Knoxville mansion, Villa Collina, ready to be demolished following auction

Knoxville’s Largest and Strangest Residence will be demolished in April.

Sharon Bailey, a broker and representative of the owners of Villa Collina, said the property will be divided into three lots for three houses.

The public had one last chance to take a peek inside the sprawling mansion at an auction on December 16.

“The auctions have exceeded expectations,” Bailey, owner of Realty Executives Associates’ Ebenezer office, told Knox News. “We were somewhat shocked at the demand for a lot of these products. Buying panels, dressers and lighting systems – it was quite shocking but very interesting.

“I think it was a win-win. Forty thousand square feet is big enough for any family.”

The Italian-style mansion is made up of 86 rooms, including eight bedrooms, a three-story library, a home theater, and a $ 5 million master suite, according to the website of Villa Collina.

An earlier auction, held online on December 4, featured a wide variety of luxury items, from a secret mechanical office to Sherle Wagner bathroom accessories.

Villa Collina:Secret office and slot machine among the items auctioned before demotion

Here is an overview of the journey of Villa Collina, from construction to demolition in progress.

A brief timeline leading up to demolition

The outdoor patio of Villa Collina ahead of an upcoming auction of its items in Knoxville, Tennessee on Wednesday, November 24, 2021. The 40,000 square foot mansion along the Tennessee River is being demolished and divided into three lots to build three houses.

1990s and 2000s: Villa Collina is being built in stages at 5628 Lyons View Pike by Mike and Deane Conley. The Conleys were previously owned by heavy equipment company Regal Corp.

2011: Scott Boruff buys the property and its furnishings for $ 9.5 million. Boruff is the former CEO of Miller Energy Resources.

2016: Eric Barton buys the property for $ 6.375 million at auction.

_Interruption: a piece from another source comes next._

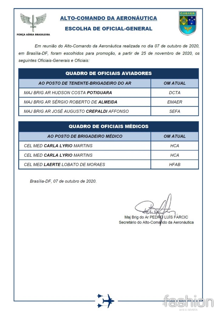 Carla admitiu a direção do Hospital Central da Aeronáutica (HCA), ainda em abril deste ano. Além disso, a Tenente-Brigadeiro Carla Lyrio Martins já havia sido a primeira mulher comandante de uma unidade da FAB (Força Aérea Brasileira). Segundo o portal do Ministério da Defesa, a Brigadeiro Médica fará parte da unidade da Diretoria de Saúde da Aeronáutica. 07 de outubro de 2020 entra para a história da Força Aérea Brasileira com sua primeira Oficial Feminina a ocupar o posto de Brigadeiro (Oficial General).

Barton later invested around $ 3.1 million in the property, including new LED lights, HVAC systems, water heater timers and windows with automatic shades.

2020: LLC Resolution Systems buys the mansion for $ 11 million.

November 2021: Former Mayor of Knoxville Victor ashe writes in his Knox News column that the three lots will house the chairman of the board of directors of UT, John Compton, Jimmy and Dee Haslam, and David and Annie Colquitt.

December 2021: Two auctions take place sell furniture and fittings throughout the mansion and property.

January 2022: The property’s water and electricity will be shut off by the end of the month before the auctioned items are removed, Bailey told Knox News.

April 2022: The authorized demolition is expected to take place, Bailey said.